==== Data excerpts ====
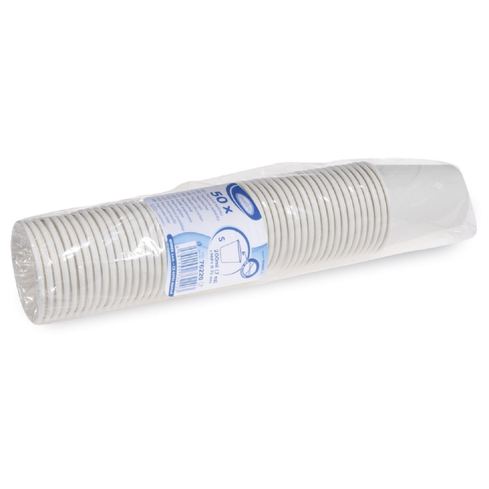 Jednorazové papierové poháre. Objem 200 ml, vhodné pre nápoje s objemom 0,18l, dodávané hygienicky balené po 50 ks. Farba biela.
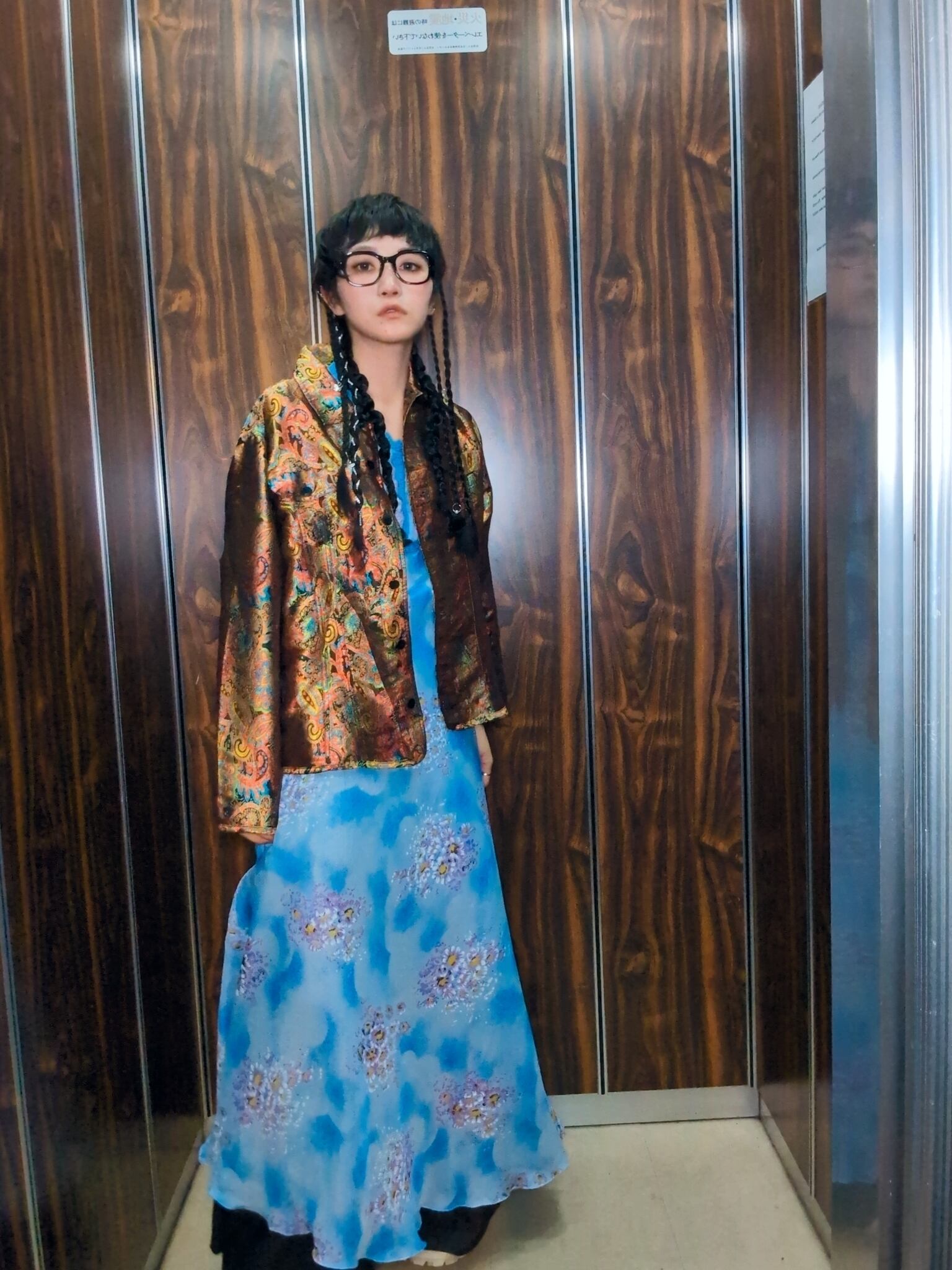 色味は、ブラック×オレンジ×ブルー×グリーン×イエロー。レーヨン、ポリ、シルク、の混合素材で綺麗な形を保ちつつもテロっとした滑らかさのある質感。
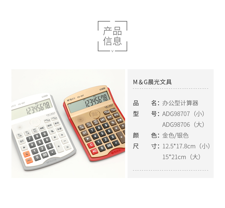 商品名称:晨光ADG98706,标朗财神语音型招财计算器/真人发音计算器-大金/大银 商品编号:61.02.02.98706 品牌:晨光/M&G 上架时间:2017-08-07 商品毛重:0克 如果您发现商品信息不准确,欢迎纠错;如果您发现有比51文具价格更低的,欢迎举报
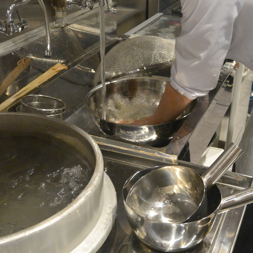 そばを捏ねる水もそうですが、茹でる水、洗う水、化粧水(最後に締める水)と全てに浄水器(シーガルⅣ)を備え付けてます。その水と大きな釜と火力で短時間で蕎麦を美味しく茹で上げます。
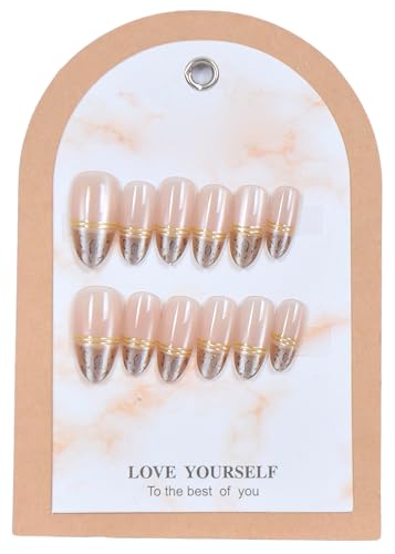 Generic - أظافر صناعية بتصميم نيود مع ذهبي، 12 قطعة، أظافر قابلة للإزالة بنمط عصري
====
▶ _Work order_
Word for word, quote the full listing, omitting every picture.

▶ _Result for this exercise_
 Jednorazové papierové poháre. Objem 200 ml, vhodné pre nápoje s objemom 0,18l, dodávané hygienicky balené po 50 ks. Farba biela.
 色味は、ブラック×オレンジ×ブルー×グリーン×イエロー。レーヨン、ポリ、シルク、の混合素材で綺麗な形を保ちつつもテロっとした滑らかさのある質感。
 商品名称:晨光ADG98706,标朗财神语音型招财计算器/真人发音计算器-大金/大银 商品编号:61.02.02.98706 品牌:晨光/M&G 上架时间:2017-08-07 商品毛重:0克 如果您发现商品信息不准确,欢迎纠错;如果您发现有比51文具价格更低的,欢迎举报
 そばを捏ねる水もそうですが、茹でる水、洗う水、化粧水(最後に締める水)と全てに浄水器(シーガルⅣ)を備え付けてます。その水と大きな釜と火力で短時間で蕎麦を美味しく茹で上げます。
 Generic - أظافر صناعية بتصميم نيود مع ذهبي، 12 قطعة، أظافر قابلة للإزالة بنمط عصري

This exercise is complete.